NGOs sponsor 250 voluntary teacher trainers

Childreach International and Ibis, both non governmental organisations, are sponsoring 250 volunteer teachers through the Untrained Teachers’ Diploma in Basic Education (UTDBE) to augment the pupil-teacher ratio in three districts of the Northern Region.

The districts are; Savelugu Nanton, Gushegu and Karaga.

The programme is a four-year-sandwich diploma and starts this academic year at Bagabaga Training College while the Diploma Certificates would be awarded by the University of Cape Coast.

Madam Elizabeth De-Souza, Northern Regional Director of Education, commended the NGOs for their efforts which  could improve the quality of education in the beneficiary districts.

She said: “The inclusion of ten hearing impaired persons in the programme must be lauded”.

Madam De-Souza said unless the Northern Region was able to get quality education through quality tuition from professional teachers, the developmental gap between  northern and southern Ghana would continue to widen.

Madam De-Souza expressed worry that teachers, especially those from the Northern Region, refused to serve in the deprived areas resulting in poor academic performance in those areas.

She said teachers must show commitment and dedication to teaching so as to achieve the desired results.

She urged the district assemblies to assist teachers to get accommodation as most of the teachers had decided to stay in Tamale and commute to the districts with the excuse of lack of accommodation in the districts.

Mr Kavaarpuo Eric, Coordinator of Alliance for Change in Education (ACE), a programme under Ibis, said the NGO took the intervention to support the UTDBE programme due to the poor quality of education in some parts of the region.

He said 40 of the teachers were already benefiting from the UTDBE programme and were expected to graduate this year.

He said the Gushegu and Karaga Districts where the ACE operated had approximately 181 trained teachers and 603 untrained teachers and expressed the hope that the programme would increase the number of professional teachers in those districts.

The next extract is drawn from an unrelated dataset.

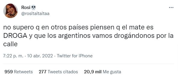 El papel describe perfectamente la situación de varios argentinos que emigran fuera del país, como el caso del usuario, que vive en Inglaterra, que se encuentran constantemente con el desconocimiento de extranjeros hacia la bebida nacional más popular. Esto hace que muchas veces piensen que se trata de un tipo de droga que se consume a través de la bombilla, lo que genera algunas malas primeras impresiones. Estas son algunas de las reacciones que puede causar el mate para una persona que no lo conoce.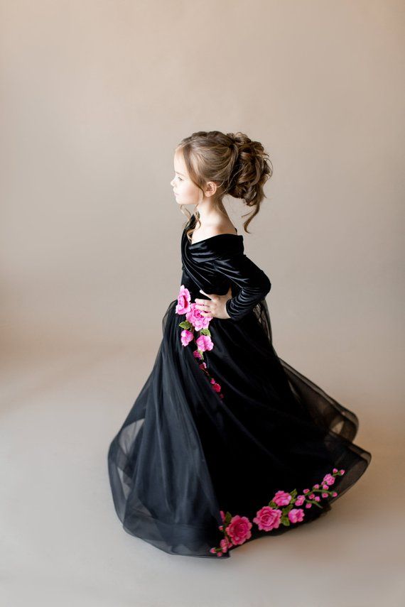 Compre Vestidos Negros Para Nina De Flores Con Apliques Rosados Sobre El Hombro Largo Del Piso Mangas Largas Ninas Vestido De Desfile Vestidos De Ninas De Terciopelo Por Encargo A 74 07

Nana Opoku, Board Chairman of Childreach International, said the NGO had been operating in the Savelugu Nanton District for the past years and had given several refresher courses to the volunteer teachers under its programmes and had improved the teacher’s quality of teaching.

He said eight of the volunteer teachers under the sponsorship of Childreach, had already completed their UTDBE programme adding that more steps are also being taken to improve education in the district.

Mr Prince Askia Mohammed, District Chief Executive  for Savelugu/Nanton, commended the NGOs for their efforts to complement that of government in its quest to improve the standard of life of Ghanaians.

He said the quality of the human resource base of the country was paramount to the government hence the free school uniform and exercise books, continuation of the Capitation grant and school feeding programme.